**What the exercise asks**
Copy each entry verbatim, excluding its images.

Start of Block

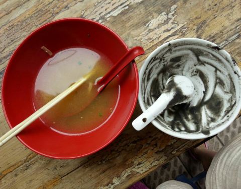 环境不怎么样的一家小店,有主食有甜品,都吃了。 我第一次经过是冲着芝麻糊去的,甜品里面红豆沙、双皮奶和芝麻糊我是不能割舍的。 很有香港和澳门街边小店的感觉,一样的广东话,很亲切熟悉。 云吞...
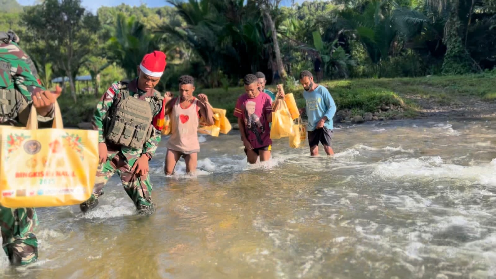 Papua, Ceklisdua.net — Meski dihadapkan pada cuaca yang kurang bersahabat serta medan dan akses jalan yang terbatas, semangat berbagi dan kebersamaan prajurit Yonif 121/Macan Kumbang tidak surut dalam memaknai Hari Raya Natal. Di tengah pelaksanaan tugas operasi pengamanan perbatasan, Yonif 121/MK tetap menggelar kegiatan Natal dengan penuh kreativitas dan inovasi sebagai wujud kepedulian serta pengabdian kepada masyarakat. 27/12/25
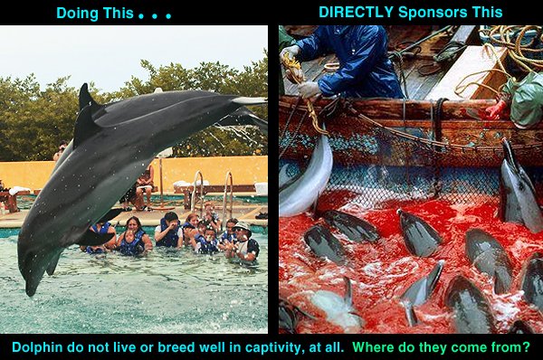 Kom i håg, det är samma eländiga levnadsförhållanden vare sig det är en anläggning för enbart uppvisningen eller ställen där du ges möjlighet att simma med delfiner i stora inhägnader. Dessa djur är skapta att simma med sin stora familjegrupp mil efter mil, dygnet runt, året runt, livet ut.
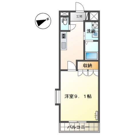 洋室 9.1帖 1室 - 向き
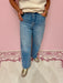 Ankle-high rise bowed leg jeans in medium denim color made from cotton feature a flattering high waist that elongates the legs and a distinctive bowed or curved leg silhouette for a vintage-inspired, stylish look. The medium denim hue provides versatile, classic appeal, while the cotton fabric ensures comfort, breathability, and durability. These jeans are perfect for pairing with casual tops or blouses, offering a chic and timeless addition to any wardrobe.
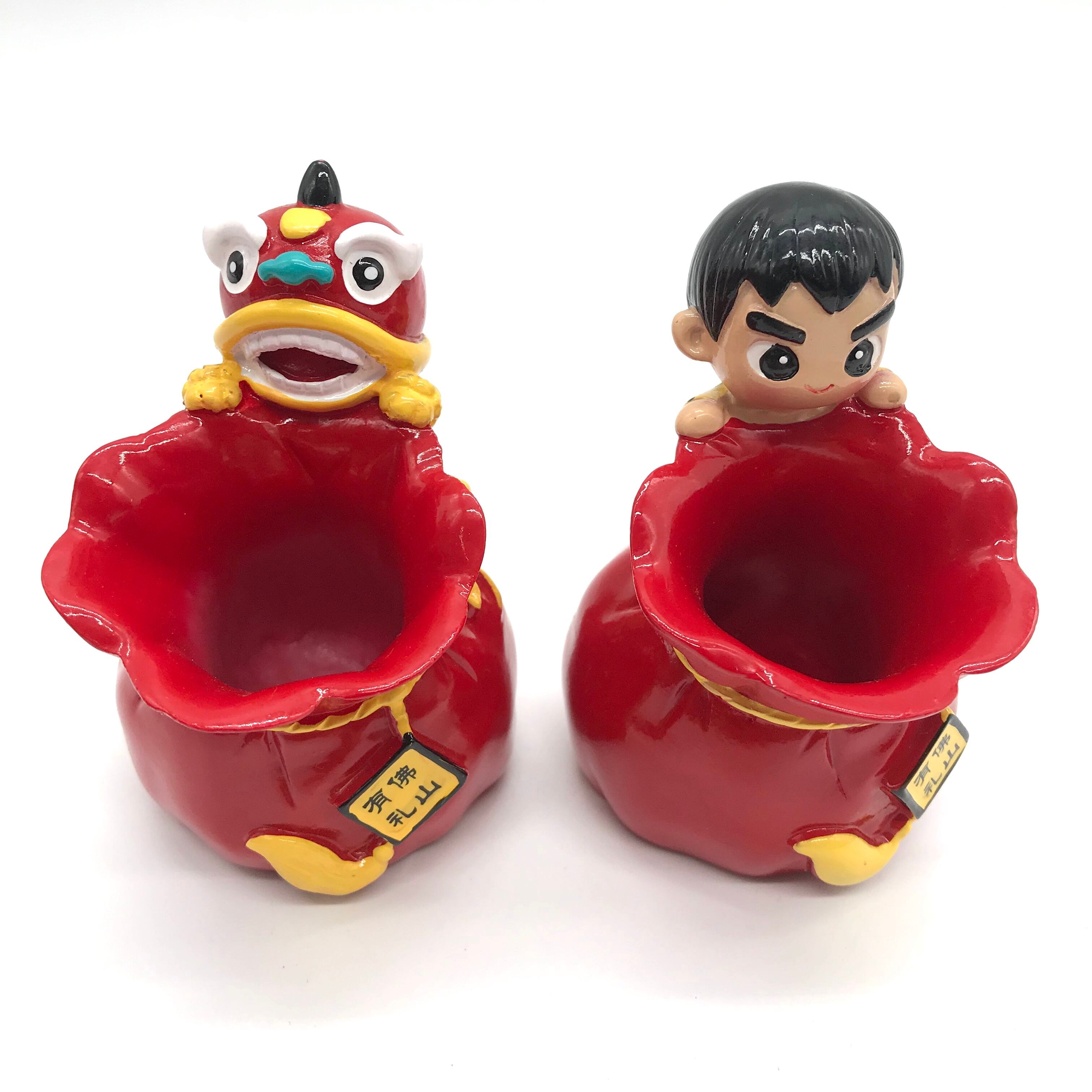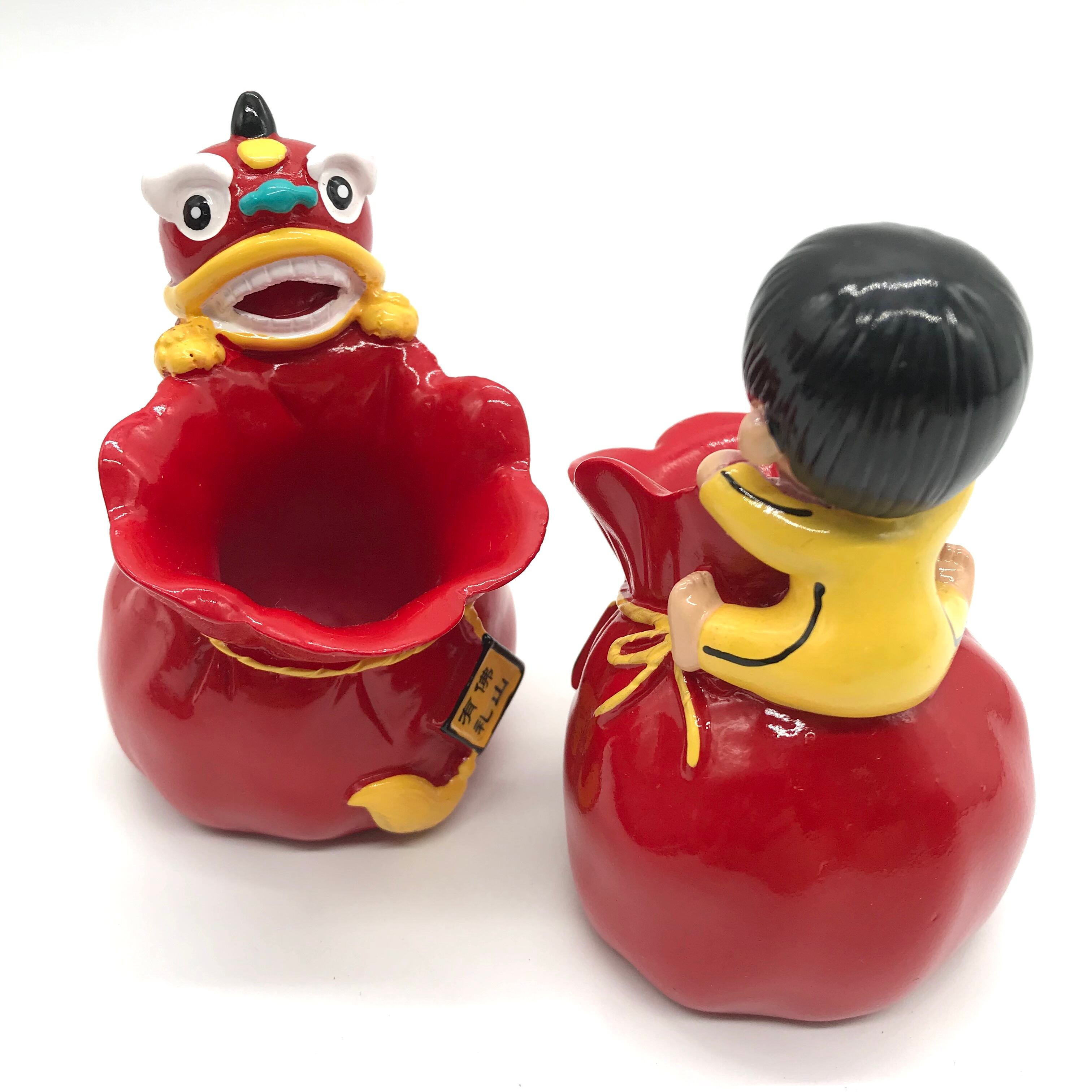 ブルースリー(李小龍)と獅子のペン立て 樹脂製置物セット

End of Block

**Result for this task**
 环境不怎么样的一家小店,有主食有甜品,都吃了。 我第一次经过是冲着芝麻糊去的,甜品里面红豆沙、双皮奶和芝麻糊我是不能割舍的。 很有香港和澳门街边小店的感觉,一样的广东话,很亲切熟悉。 云吞...
 Papua, Ceklisdua.net — Meski dihadapkan pada cuaca yang kurang bersahabat serta medan dan akses jalan yang terbatas, semangat berbagi dan kebersamaan prajurit Yonif 121/Macan Kumbang tidak surut dalam memaknai Hari Raya Natal. Di tengah pelaksanaan tugas operasi pengamanan perbatasan, Yonif 121/MK tetap menggelar kegiatan Natal dengan penuh kreativitas dan inovasi sebagai wujud kepedulian serta pengabdian kepada masyarakat. 27/12/25
 Kom i håg, det är samma eländiga levnadsförhållanden vare sig det är en anläggning för enbart uppvisningen eller ställen där du ges möjlighet att simma med delfiner i stora inhägnader. Dessa djur är skapta att simma med sin stora familjegrupp mil efter mil, dygnet runt, året runt, livet ut.
 洋室 9.1帖 1室 - 向き
 Ankle-high rise bowed leg jeans in medium denim color made from cotton feature a flattering high waist that elongates the legs and a distinctive bowed or curved leg silhouette for a vintage-inspired, stylish look. The medium denim hue provides versatile, classic appeal, while the cotton fabric ensures comfort, breathability, and durability. These jeans are perfect for pairing with casual tops or blouses, offering a chic and timeless addition to any wardrobe.
 ブルースリー(李小龍)と獅子のペン立て 樹脂製置物セット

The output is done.